Ich interessiere mich aktuell auch für ein ehrenamtliches Konzept, hier arbeiten Stadt und Ehrenamt eng zusammen.Dieses Konzept wird bereits in einer anderen Kommune des Münsterlandes sehr erfolgreich umgesetzt. Hier warte ich aber noch auf einen Ortstermin, um mir ein besseres Bild zu machen.

 

Zu Ihrer 2. Frage:

Wir haben als Ortsverein bereits den Antrag für eine solche Hundeauslauffläche gestellt. Ja, ich würde dies weiter verfolgen. Es gehört für mich zum einen dazu, unsere Stadt attraktiver zu gestalten und zum anderen, müssen wir bei der nicht gerade geringen Hundesteuer (im Vergleich zu anderen Kommunen), daran denken, das wir für die Einnahmen auch etwas bieten müssen. Hunde, bzw. Haustiere spielen in Familien eine wichtige Rolle und sind für Ihre Halter Familienmitglied, Trost und verlässliche Weggefährten. Hier muss insgesamt mehr getan werden. Ich denke hier an wesentlich mehr Abfallbehälter und Hundekotbeutelspender an den Wegen, die regelmäßig von Hundehaltern genutzt werden. Wir müssen insgesamt dafür sorgen, dass sich hier nicht weiter zwei Lager bilden, die der Hundehalter und die der Gegner, die sich oft zurecht über hinterlassene “Geschäfte” oder Hundekotbeutel in den Sträuchern beschweren.

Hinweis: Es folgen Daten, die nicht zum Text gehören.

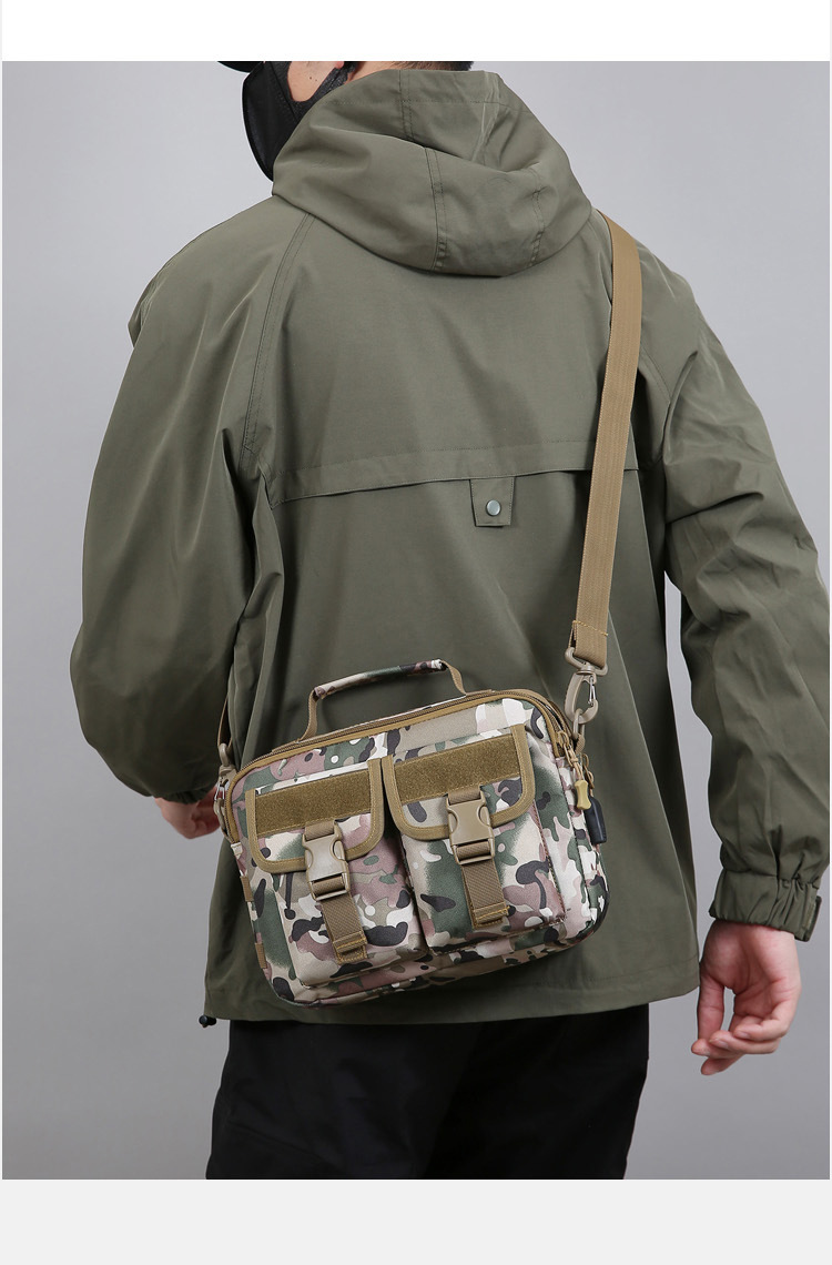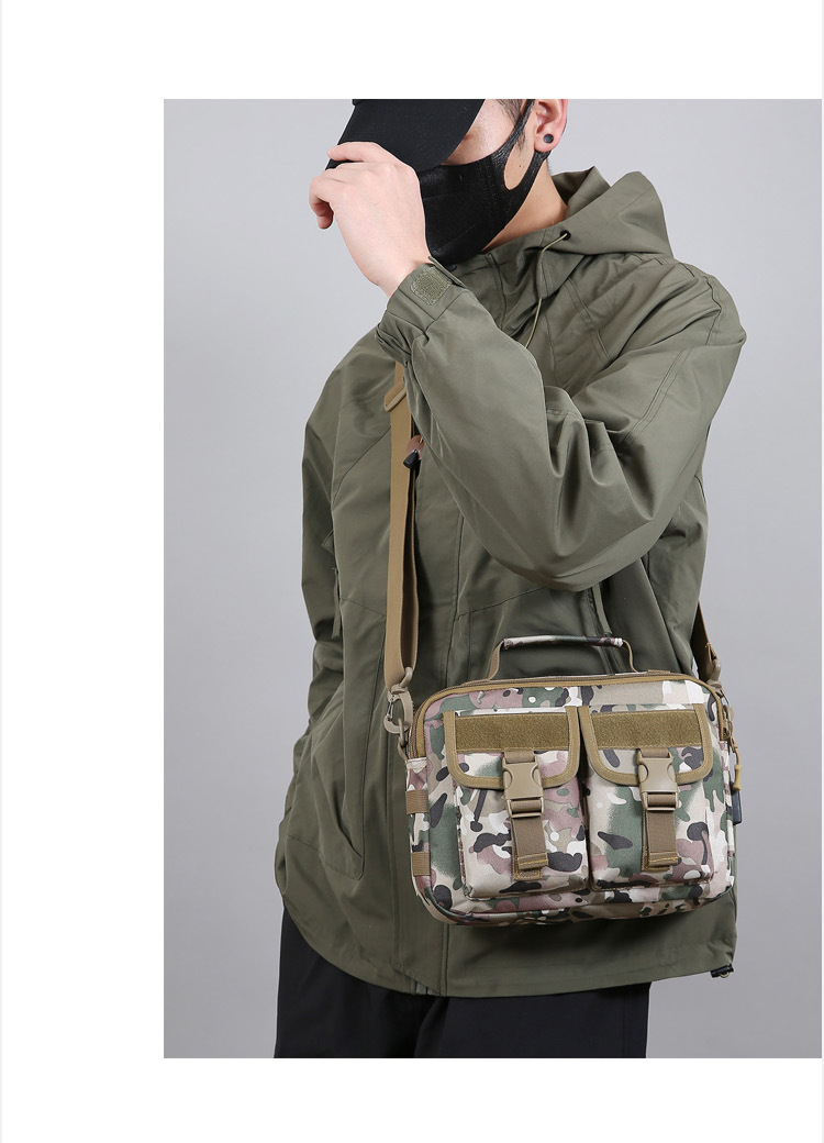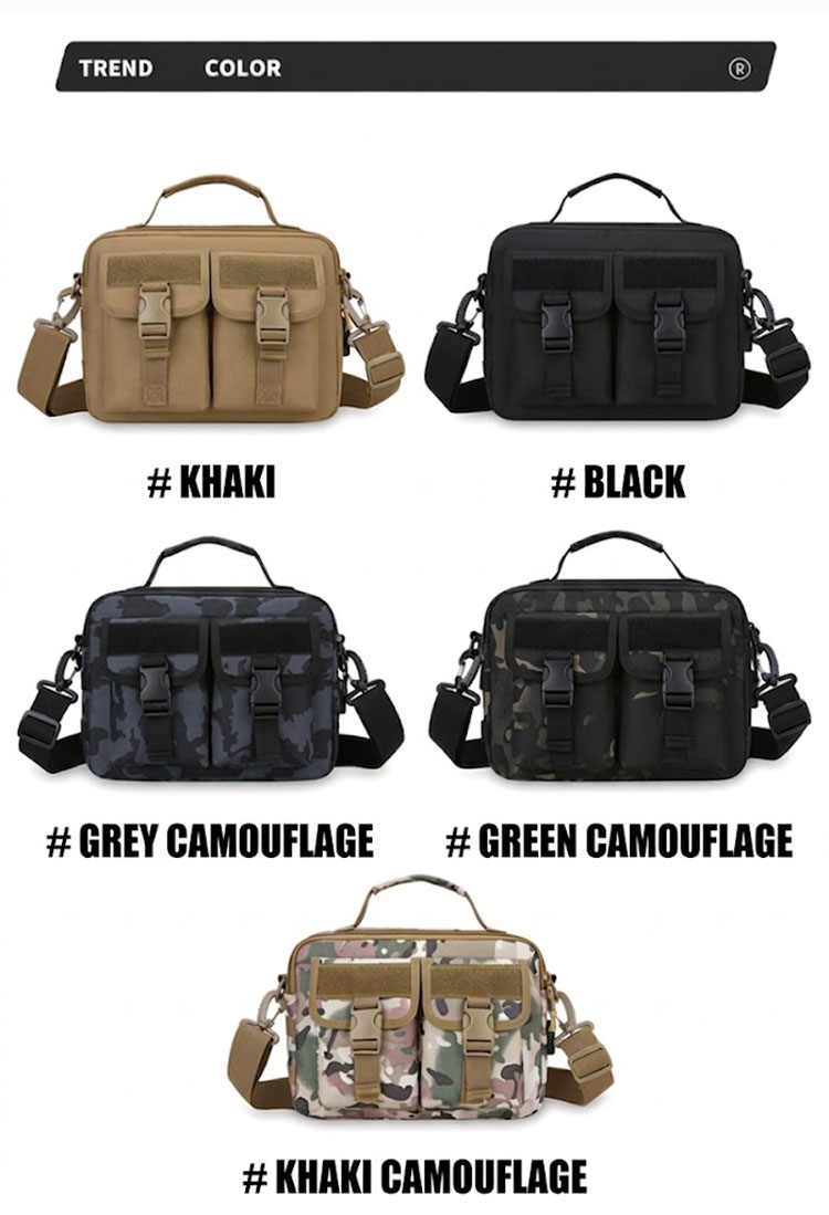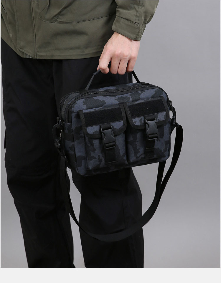 BG16 is a practical tactical shoulder bag designed for outdoor carry, commuting, travel, and everyday use. It combines a compact messenger-style shape with multiple front pockets, an external USB charging port, adjustable shoulder strap, and several tactical-inspired color options, making it a convenient bag for organized daily carry.

Bzgl. der Hundesteuer kann ich Ihnen leider  keine konkrete  Antwort geben. Ich mache keine leeren Versprechungen. Selm ist hoch verschuldet. Wenn der alte Bürgermeister sein Erbe hinterlässt, sprechen wir von rund 11 Millionen Schulden. Die Stadt ist auf jeden Cent angewiesen. Eins kann ich Ihnen aber sagen; ich halte es für den völlig falschen Weg, Schulden und weitere Kosten immer wieder über die Stellschraube bei den Bürgern zu regulieren. Das ist auch sehr kurzfristig gedacht. Wir müssen Selm attraktiver gestalten. Die Kommune bekommt Gelder aus der Lohnsteuer aller arbeitstätigen Mitbürger, hier müssen wir ansetzen. Ansonsten wird Selm unattraktiv, weil auch unbezahlbar, für wenig Gegenleistung. Hier muss ein Gleichgewicht geschaffen werden.

 

Ich hoffe, ich konnte Ihre Fragen zufrieden stellend beantworten.